In present US, the prospect of autarky must be considered much better than in Norway in the 30's. The US has a large population, good infrastructure, low transaction cost, and well developed, large, markets. But, even if the prospects of autarky are better, how are the prospects of free trade? Globalization today is very different from the 1930's. That is where the interesting academic exercise comes in to play: What is the optimal mix between autarky and free trade in the US, considering the road blocks different interest groups will erect? How can institutional arrangements bypass or neutralize vested interests (or change their interest)?
This is certainly the interesting part, and it calls for something else than a simple blueprint. Or, as Eisenhower put it: "Plans are nothing. The planning is everything!" With a blueprint model you have a plan, but no planning. With other words, you have nothing.

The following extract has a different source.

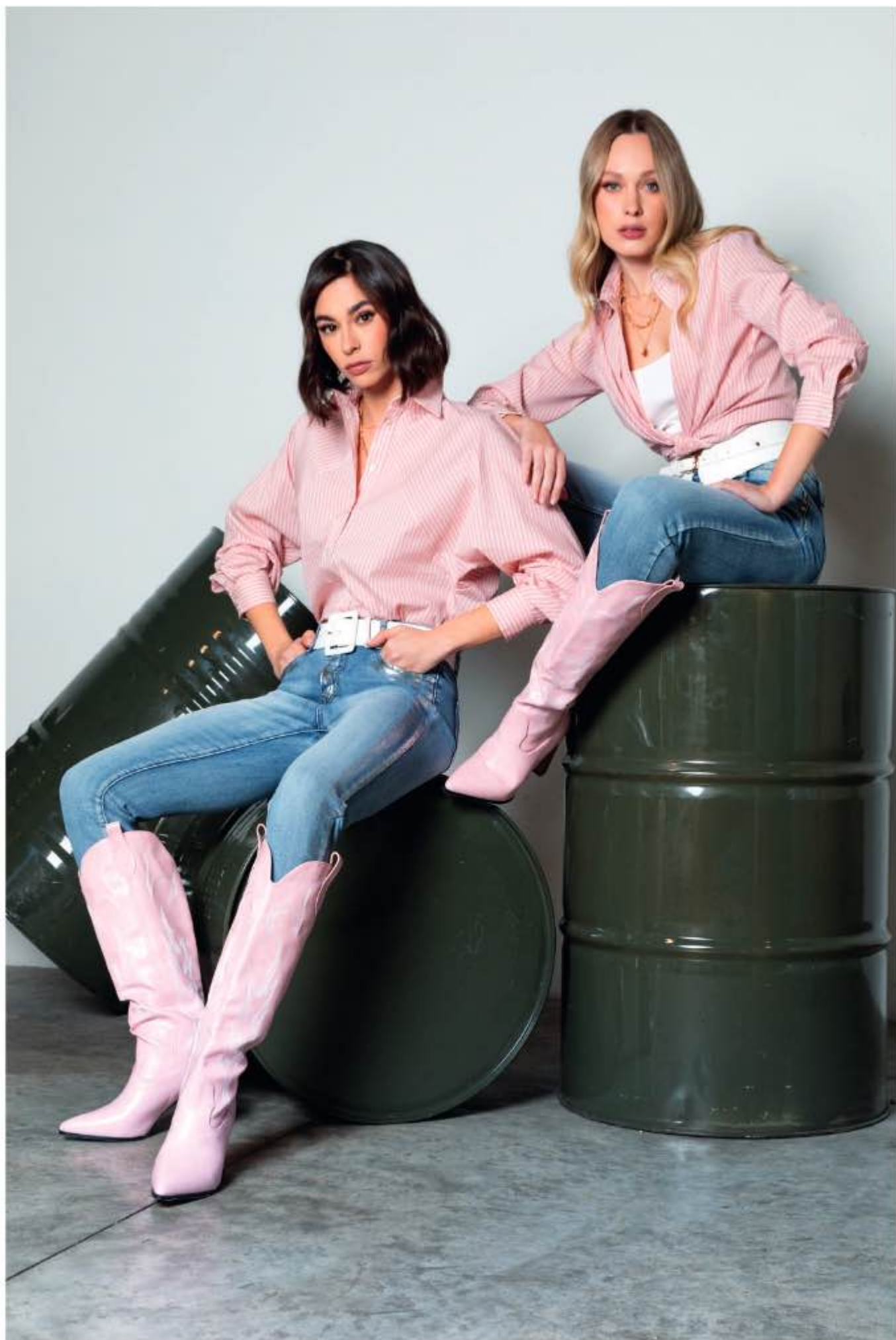
26 a sinistra - camicia PINKY, jeans DUSTIN a destra - camicia PEONIA, top ROVO, jeans DALLAS

Posted by: Tord Steiro | January 11, 2008 at 01:47 PM
"So, even if free trade brings inequality and volatility in the labour market, for Norway in the 1930's it where the only viable option. No surprise, then, that Norwegians incrementally developed a model that solved the expected problems of trade as they arouse, while kept the benefits of more developed and larger markets."--Tord Steiro
Tord Steiro,
Thank you for allowing me to think through a interesting question even if I may have misunderstood it.
In response to the above observation, I would point out that just because a society has a need to solve a problem it doesn't automatically follow that it will be lucky enough to hit upon a viable option to do so. The options avaiable to one society may be closed to another.
Posted by: wjd123 | January 11, 2008 at 02:36 PM
So true, so true.
Some good examples can be found in Jared Diamonds "Collapse", for instance. The Easter Islanders did not find a way to solve their problems of property rights regime to their trees, and the Norse Greenlanders failed to find a way to direct their resources into activities that could have saved their society. And their problems where clearly institutional in nature.
Posted by: Tord Steiro | January 20, 2008 at 08:32 PM
Wow, you have a very lively discussion on your blog! I may havesomething to chip in too for economists (students or researchers): I have just added an Economics Reference List to my economics blog (http://crisismaven.wordpress.com/references/) with economic and statistical data series, history, bibliographies etc. for students & researchers, probably the most comprehensive on the Internet. Currently over 200 meta sources, it will soon grow to over a thousand. Check it out and if you miss something, feel free to leave a comment. As for wage inequality: this should be a natural process of differentiation according to skill. As long as markets were protected, wages might, just as the price of grain, been different than when they would have to compete, but that is a natural process. Build awall around Caifornia or Vermont and you similar effects before and after you tear it down again.